アナログ派の愉しみ/音楽◎武満 徹 作曲『波の盆』

それは孤独な宇宙人が
聞き取った天上の調べかもしれない


20世紀後半の日本を代表する作曲家・武満徹とは相性が悪いのかもしれない、とずっと思ってきた。現代音楽の最前線でかれがつくった多彩な作品たちに重々敬服しながらも、そこにはつねに頭のなかで考えに考え抜かれた印象がつきまとい、こちらも脳ミソは刺激されるものの、首から下が自然と反応して動悸を急かすような昂揚までには至らないのだ。

 
あまりにも有名な『ノヴェンバー・ステップス』(1967年)にしても、わたしに言わせれば、ガラス細工のように精密に構成されたオーケストラの枠組みに、琵琶と尺八が自由に振る舞う長大なカデンツァが対置されて、小澤征爾指揮による初演以来、鶴田錦史と横山勝也がそこで気迫のこもった情念を迸らせたことによって聴衆を圧倒したのではなかったか。であればこそ、ふたりの名手が世を去ってからはとんと耳にする機会がなくなってしまったのだろう。いつの日か、琵琶の尺八の若い野心的な奏者が現れて、この曲の面貌を一新するような演奏を繰り広げることが待ち遠しい。

 
そんなへそ曲がりのわたしにも、ただひとつ偏愛してやまない作品がある。1983年に日本テレビが放映したドラマ『波の盆』(実相寺昭雄監督)のためにつくられた音楽だ。ハワイ・マウイ島に暮らす日系一世の老人が妻を見送ったのち、ひとり追憶に耽る日々を送っているところへ、思いがけず日本から孫娘が訪ねてきたのを喜びつつも、戦時中、祖国を裏切ってアメリカ軍に協力したことの葛藤に苛まれるなか、亡き妻が優しく語りかけてくるというストーリーだったらしい。手元にあるCDは尾高忠明の指揮で札幌交響楽団が6つのパートを演奏した18分半の組曲版だが、ドラマを見ていないわたしにもしみじみと老いの心境が伝わってくる。

 
音楽全体を満たすのは、ハワイの海のイメージだろう、弦楽器がえんえんと奏でる群青の波の気配なのだが、ふいに挟まれるチェレスタやハープのエピソードが胸に染みわたるにつれ、それはかつて母の胎内にいたときの羊水のたゆたいとも、やがてこの世を去ったあとに身を委ねる楽園の温もりとも感じられていく。

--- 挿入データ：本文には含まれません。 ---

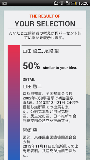 選挙の立候補者の考えがあなたにどのぐらい似ているかがわかります。

そうした感傷は決してひとりよがりのものではないはずだ。タクトを取った尾高もライナーノーツで「私は指揮をしながら涙を隠すことができず、ヴァイオリン奏者たちも涙を流しながらレコーディングした」と告白しているのだから。一体、この人懐こい音楽と、クラシックのコンサート向けの厳しく研磨された音楽との落差はどうしたことだろう? 52歳となった作曲家が老いのテーマに出くわして突然変異をきたしたのか。

 
武満はゲスト出演したテレビ朝日の「徹子の部屋」(1977年)で、黒柳徹子にドラマや映画の音楽をつくる面白さを問われて、日常の仕事は自分ひとりが部屋に閉じこもって行うのに対し、ドラマなどではいろいろな人と打ち合わせをしながら進めていき、ふだんやらない試みを要求されることもあると説明したうえで、こう続けている。

 
「ちょうど、俳優と同じだと思うな。演出家や台本によって、自分の知らない面を引き出されるってことが、とってもあるんですね。だからそれはとってもおもしろいし……。なにしろ音楽は、独りでやっててもしょうがない仕事でね。それは、独りで、お風呂のなかで鼻歌うたうのも、すごく楽しいことではあるけれど、でも最低一人とか、二人、三人とか四人とかって、いっしょに音楽やれば、もっとおもしろいわけでしょ」

 
実は、わたしも武満と会ったことがある。いや、会った、と言ったら語弊があるか。正しくは30年ほど前の平日の午後、仕事で移動中の営団地下鉄(現・東京メトロ)東西線の車内でたまたま見かけたというわけ。神楽坂駅の近くだったから音楽之友社へでも向かうところだったのだろう、他の乗客と並んで座席にちょこんと腰かけているその姿がいかにも異彩を放っていた。まんまるに秀でた額と小づくりの体躯とのアンバランスは、まるで地球に迷い込んだ孤独な宇宙人のようで、それから間もなく亡くなったかれは、あの頭脳で天上が奏でる『波の盆』の調べを聞いていたのかもしれない、とわたしはいまも想像している。